- [ASSIGNMENT]:
Write out, word for word and with no pictures, each line below from the one containing "Size of Shrimp–" through the one containing "Mädchen Glitzernde Pailletten", both included, and no other line.

- [SOURCE MATERIAL]:

- - - - - - -

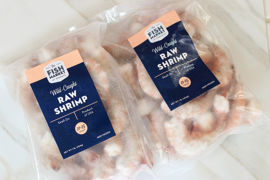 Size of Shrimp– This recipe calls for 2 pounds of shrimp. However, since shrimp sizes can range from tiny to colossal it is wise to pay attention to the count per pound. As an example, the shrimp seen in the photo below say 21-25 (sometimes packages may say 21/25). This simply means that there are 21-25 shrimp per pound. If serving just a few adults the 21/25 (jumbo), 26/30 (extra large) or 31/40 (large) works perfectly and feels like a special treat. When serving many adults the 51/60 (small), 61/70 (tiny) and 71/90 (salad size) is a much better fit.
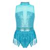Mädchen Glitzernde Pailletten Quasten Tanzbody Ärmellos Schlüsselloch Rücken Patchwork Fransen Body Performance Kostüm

- - - - - - -

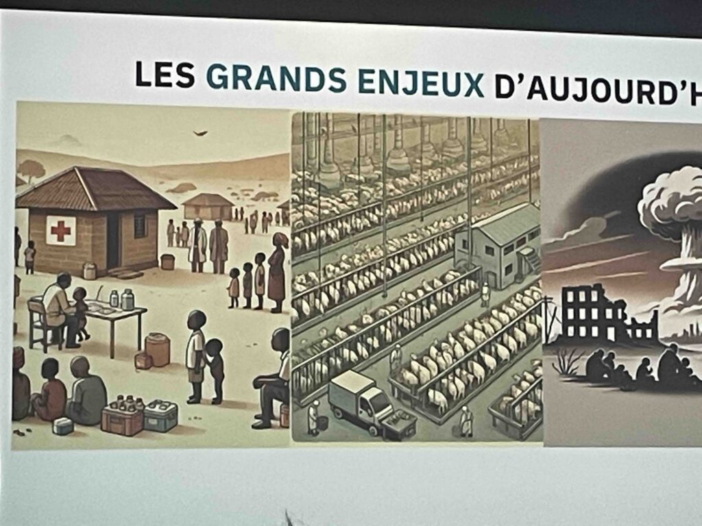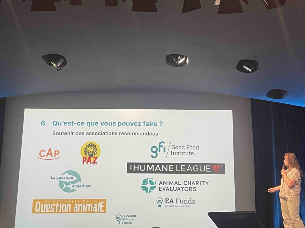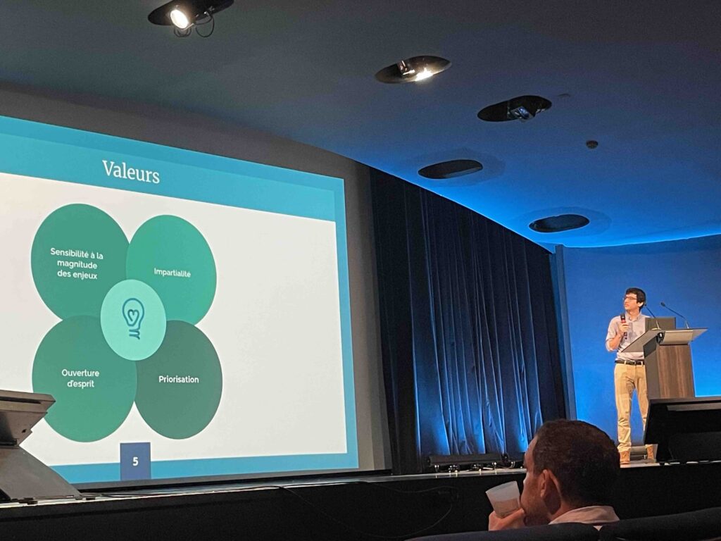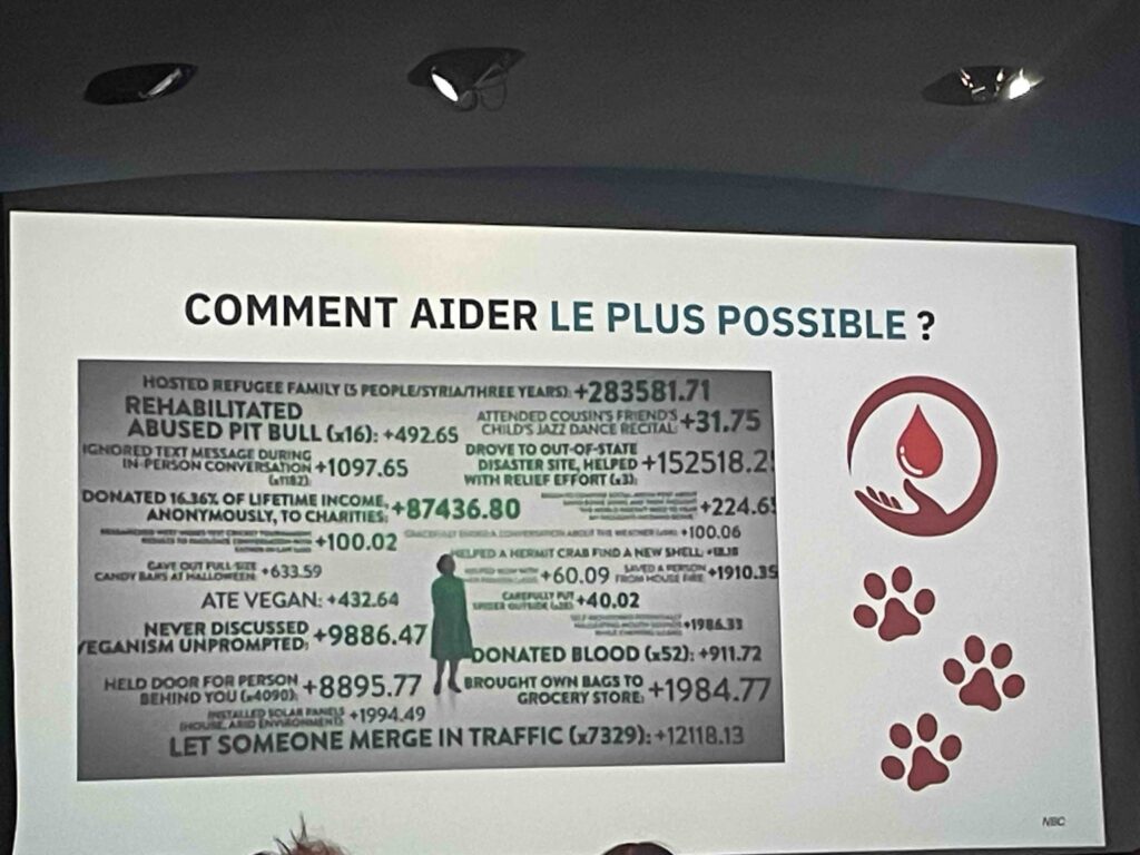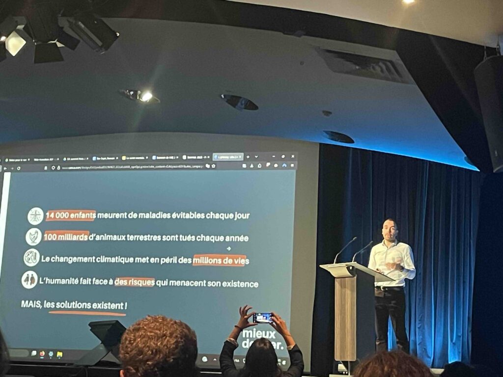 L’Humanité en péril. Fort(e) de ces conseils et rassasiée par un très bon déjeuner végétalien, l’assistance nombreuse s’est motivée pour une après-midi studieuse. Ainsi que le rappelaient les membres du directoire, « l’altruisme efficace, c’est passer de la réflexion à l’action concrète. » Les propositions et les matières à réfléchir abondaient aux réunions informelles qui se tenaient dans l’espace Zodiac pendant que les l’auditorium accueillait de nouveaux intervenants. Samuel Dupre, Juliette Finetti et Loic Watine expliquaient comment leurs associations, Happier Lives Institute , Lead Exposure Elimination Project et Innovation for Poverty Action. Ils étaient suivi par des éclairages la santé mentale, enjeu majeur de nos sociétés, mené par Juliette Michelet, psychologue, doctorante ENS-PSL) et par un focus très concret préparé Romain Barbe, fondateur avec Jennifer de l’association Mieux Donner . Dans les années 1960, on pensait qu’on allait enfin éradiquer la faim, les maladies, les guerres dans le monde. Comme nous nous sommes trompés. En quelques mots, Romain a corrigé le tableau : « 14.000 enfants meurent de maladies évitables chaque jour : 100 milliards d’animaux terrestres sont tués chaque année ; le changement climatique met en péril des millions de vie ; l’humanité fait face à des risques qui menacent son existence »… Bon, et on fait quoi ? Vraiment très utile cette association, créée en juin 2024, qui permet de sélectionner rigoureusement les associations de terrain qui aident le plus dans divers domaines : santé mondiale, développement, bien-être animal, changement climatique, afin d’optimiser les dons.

- - - - - - -

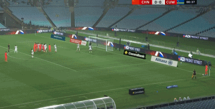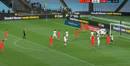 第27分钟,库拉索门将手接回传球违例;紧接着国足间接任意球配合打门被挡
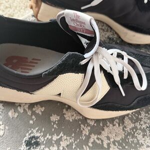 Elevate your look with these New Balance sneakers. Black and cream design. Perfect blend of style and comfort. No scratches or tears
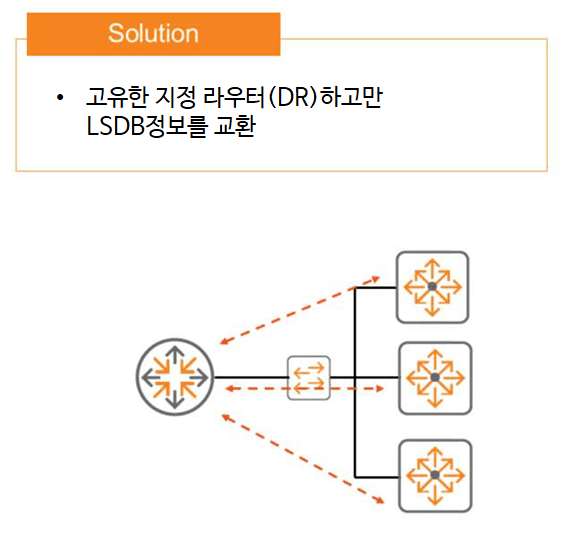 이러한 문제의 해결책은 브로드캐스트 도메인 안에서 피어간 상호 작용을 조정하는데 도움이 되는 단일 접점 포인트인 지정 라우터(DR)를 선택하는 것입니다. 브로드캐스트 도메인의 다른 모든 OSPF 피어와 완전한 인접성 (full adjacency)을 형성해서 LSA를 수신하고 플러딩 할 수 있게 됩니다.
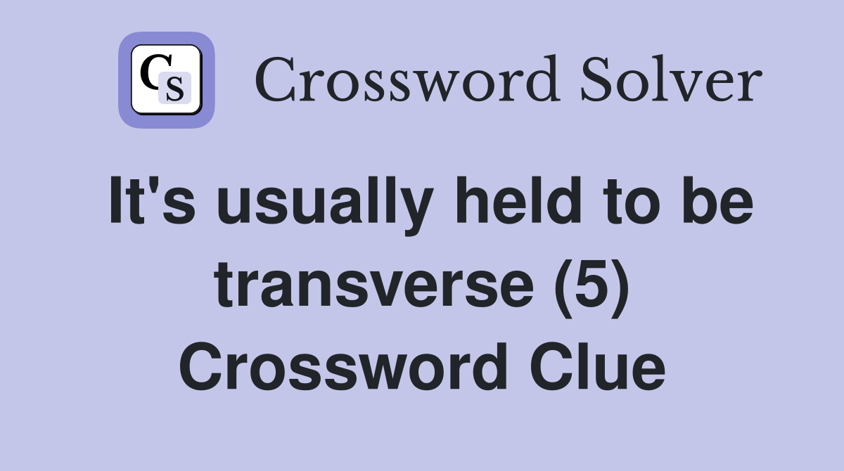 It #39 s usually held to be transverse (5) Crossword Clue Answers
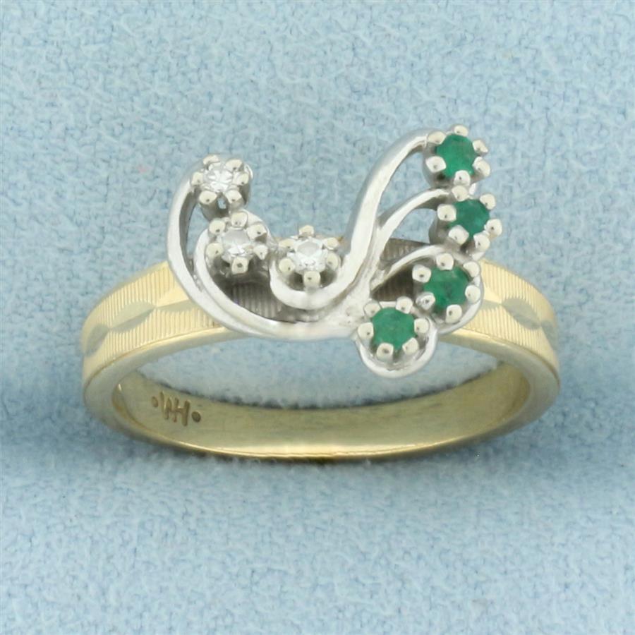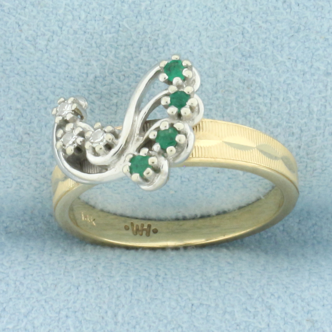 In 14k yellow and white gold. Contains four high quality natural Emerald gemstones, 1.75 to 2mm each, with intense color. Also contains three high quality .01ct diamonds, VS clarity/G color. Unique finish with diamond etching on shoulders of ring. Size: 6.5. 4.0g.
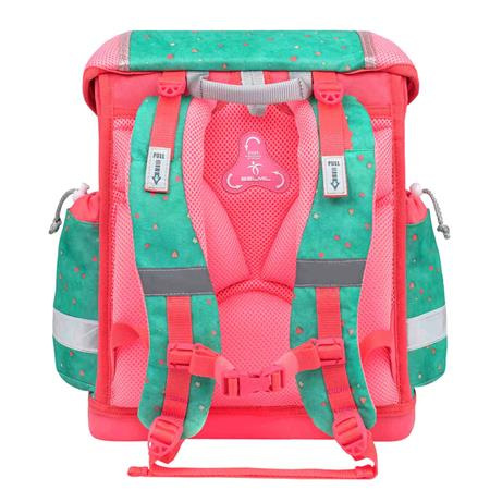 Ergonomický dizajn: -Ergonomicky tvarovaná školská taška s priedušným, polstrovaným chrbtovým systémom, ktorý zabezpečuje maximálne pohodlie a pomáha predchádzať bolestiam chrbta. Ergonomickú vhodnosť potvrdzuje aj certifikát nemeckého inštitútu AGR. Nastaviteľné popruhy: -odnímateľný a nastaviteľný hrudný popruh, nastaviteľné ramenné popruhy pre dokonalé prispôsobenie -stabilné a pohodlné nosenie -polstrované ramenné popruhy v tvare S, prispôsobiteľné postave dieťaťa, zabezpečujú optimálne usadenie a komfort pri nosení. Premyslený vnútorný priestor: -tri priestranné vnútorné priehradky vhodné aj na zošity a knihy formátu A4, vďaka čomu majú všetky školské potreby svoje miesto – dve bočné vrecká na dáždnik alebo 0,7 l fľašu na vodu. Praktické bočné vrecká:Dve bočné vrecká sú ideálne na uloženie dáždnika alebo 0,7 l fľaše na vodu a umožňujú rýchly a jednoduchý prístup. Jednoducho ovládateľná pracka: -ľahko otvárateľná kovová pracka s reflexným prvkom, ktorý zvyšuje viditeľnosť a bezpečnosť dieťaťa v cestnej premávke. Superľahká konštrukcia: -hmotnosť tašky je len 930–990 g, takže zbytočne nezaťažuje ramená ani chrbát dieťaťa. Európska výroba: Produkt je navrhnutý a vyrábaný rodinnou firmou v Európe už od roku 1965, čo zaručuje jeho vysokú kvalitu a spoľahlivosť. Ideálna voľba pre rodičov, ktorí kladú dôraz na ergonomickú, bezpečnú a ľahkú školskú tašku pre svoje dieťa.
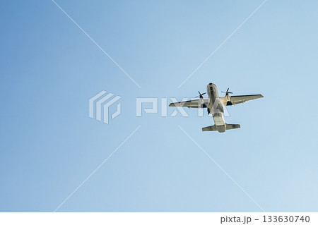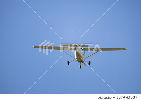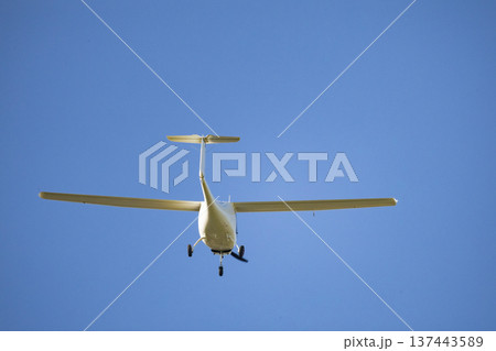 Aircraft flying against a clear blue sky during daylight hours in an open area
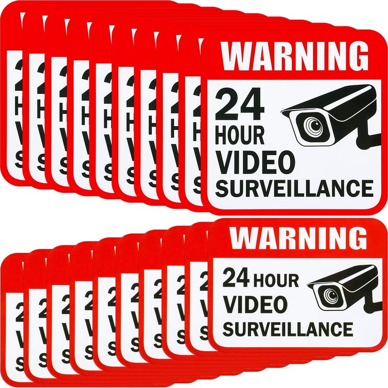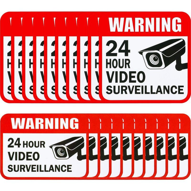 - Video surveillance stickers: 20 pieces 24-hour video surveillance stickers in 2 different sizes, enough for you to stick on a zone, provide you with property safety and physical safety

- - - - - - -

- [EXERCISE RESULT]:
 Size of Shrimp– This recipe calls for 2 pounds of shrimp. However, since shrimp sizes can range from tiny to colossal it is wise to pay attention to the count per pound. As an example, the shrimp seen in the photo below say 21-25 (sometimes packages may say 21/25). This simply means that there are 21-25 shrimp per pound. If serving just a few adults the 21/25 (jumbo), 26/30 (extra large) or 31/40 (large) works perfectly and feels like a special treat. When serving many adults the 51/60 (small), 61/70 (tiny) and 71/90 (salad size) is a much better fit.
Mädchen Glitzernde Pailletten Quasten Tanzbody Ärmellos Schlüsselloch Rücken Patchwork Fransen Body Performance Kostüm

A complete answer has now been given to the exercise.